(RNS) — We are women of faith from a wide range of traditions and united by common values. You may be familiar with some of our work. We have organized protests and marches, penned books and op-eds about religious activism, lobbied lawmakers to pass progressive policies and been arrested in acts of civil disobedience. We have founded new online communities and led well-established institutions, and used our platforms to defend democracy, the dignity of all people and liberation. Now, as the specter of a tyrant’s reelection looms, we’re doing the work together.
Today, we work hand in hand across race, religion, ability, class and cultural context for a better tomorrow.
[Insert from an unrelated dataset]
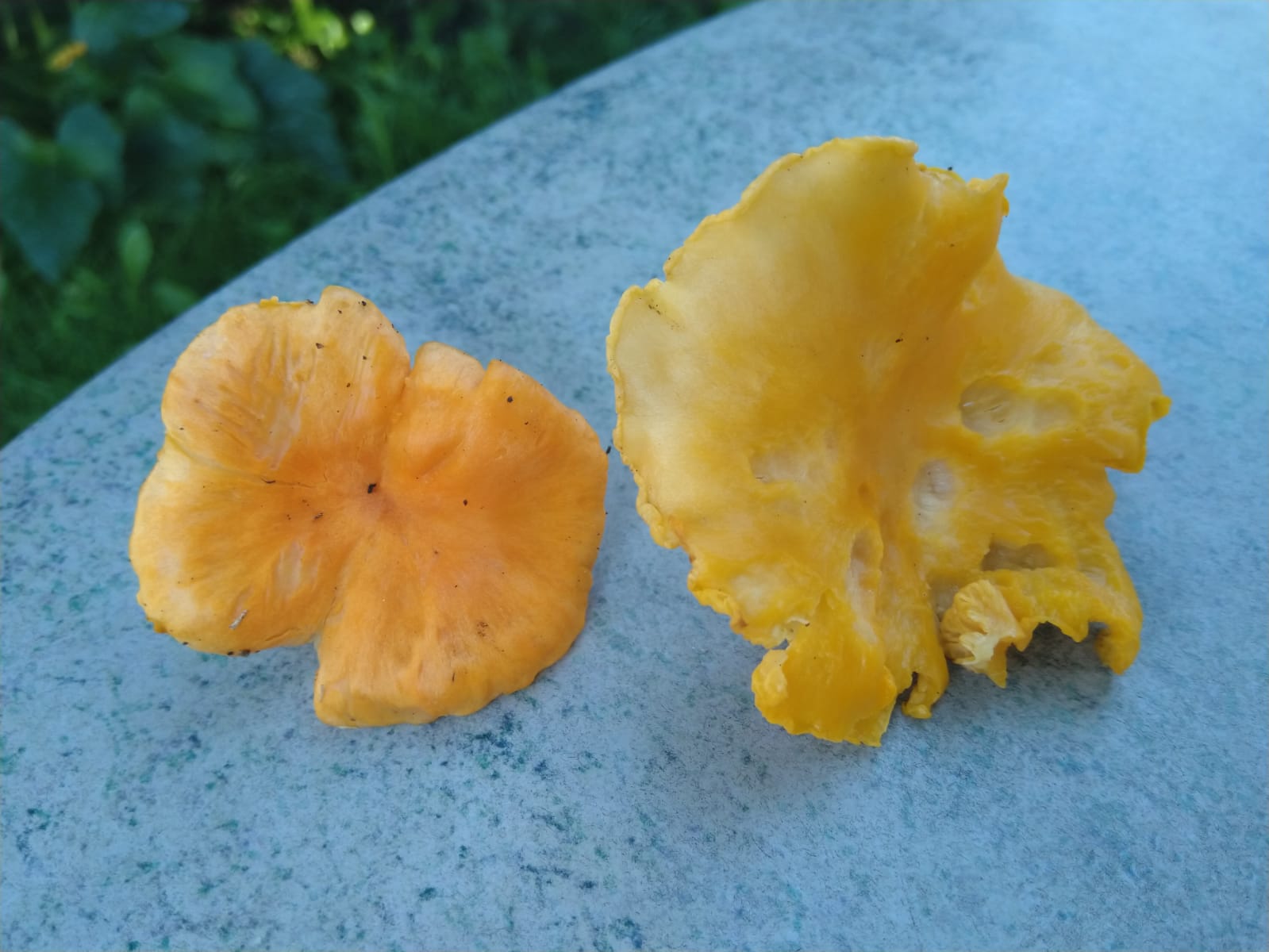 Wir haben heute eine reichliche Portion Pfifferlinge gefunden. Normalerweise gibt es bei uns am Standort entweder schöne gelbe (Echte-) Pfifferlinge oder Violettschuppige Pfifferlinge. Heute haben wir an einem Standort jedoch ungewöhnlich orange farbene Pfifferlinge gefunden. Vom Geruch sind sie wie die anderen Pfifferlinge. Nachdem wir doch etwas verunsichert sind, wollten wir die Fotos mal kurz hier rein stellen. Ich hatte mir auch gedacht, einen falschen Pfifferling gut von einem echten Pfifferling unterscheiden zu können. Ich habe mir auch schon Bilder von Ölbaumpilzen angesehen.
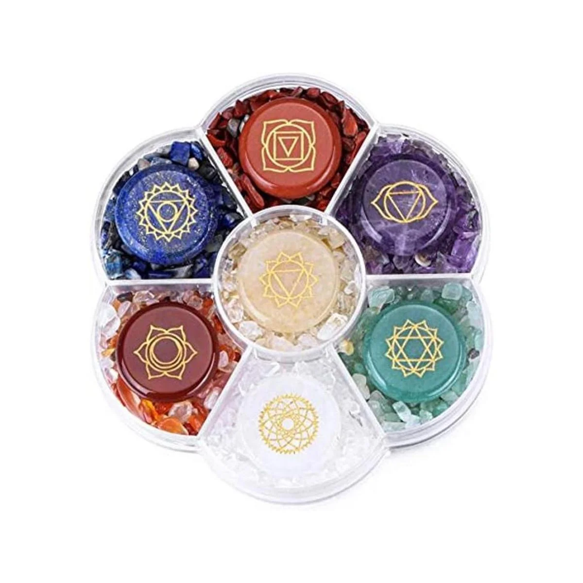 CrystalTears 7 piedras de cristal de chakras, piedras preciosas naturales de reiki curativas, con símbolo de chakra grabado, kit de piedra de chakra pulida para meditación, terapia de cristal, regalo para Navidad

We know this work has not always been so unified. The history of women’s movements is a story of progress blunted by division. At the Seneca Falls Convention of 1848, Black women were excluded. Sojourner Truth, an abolitionist and women’s rights activist, spoke with profundity in 1851 to being a Black woman of faith in the fight for suffrage, only to have her words butchered into caricature by a white woman “ally.”
During the Woman Suffrage Procession of 1913, Black women were forced to the back of the line as white women enforced Jim Crow segregation. During the fight for civil rights, white women largely fell silent. In the 1970s, just as the Equal Rights Amendment was building momentum, a critical mass of white women decided to “protect their way of life” rather than support broad economic, social and political equality for women across race, ability and class.
We are determined to learn from these mistakes and not replicate them.
As racism infects policies ranging from policing to immigration to pandemic response, only an intersectional, multiracial, multifaith movement can undo the damage. As white supremacist domestic terrorists radicalized by President Donald Trump’s rhetoric shed blood in communities from Charlottesville to El Paso to Kenosha, no racial or religious group can be left to fend for itself. Women of faith are uniting in our shared commitment to human dignity, justice, equality and liberation.
If we cannot do this, the teachings of our Scriptures and guarantees of the Bill of Rights are just words on a page.
The problems we seek to solve are failures not only of values, but also of policy. The denial of justice for Breonna Taylor. Mass incarceration and deportations, rampant violations of human rights at the border, the disproportionate devastation of communities of color amid the dual pandemics of racism and COVID-19, record opioid overdose deaths and the spiraling climate crisis are all products of state and federal law and administrative policy.
Women face violence and discrimination on account of our gender. Trans women of color face violence and murder at horrific rates. Sexual harassment and assault in workplaces and campuses are still endemic. The pay gap across gender, and especially between white men and Black, Latinx and Indigenous women, is a chasm. The United States has the highest maternal and infant mortality rates in the industrialized world, yet employers are given the right to deny us coverage of contraception, and elected officials block access to health coverage and then dare to ban abortion even in cases of rape and incest.
Righting these wrongs and defending democracy are inseparable imperatives.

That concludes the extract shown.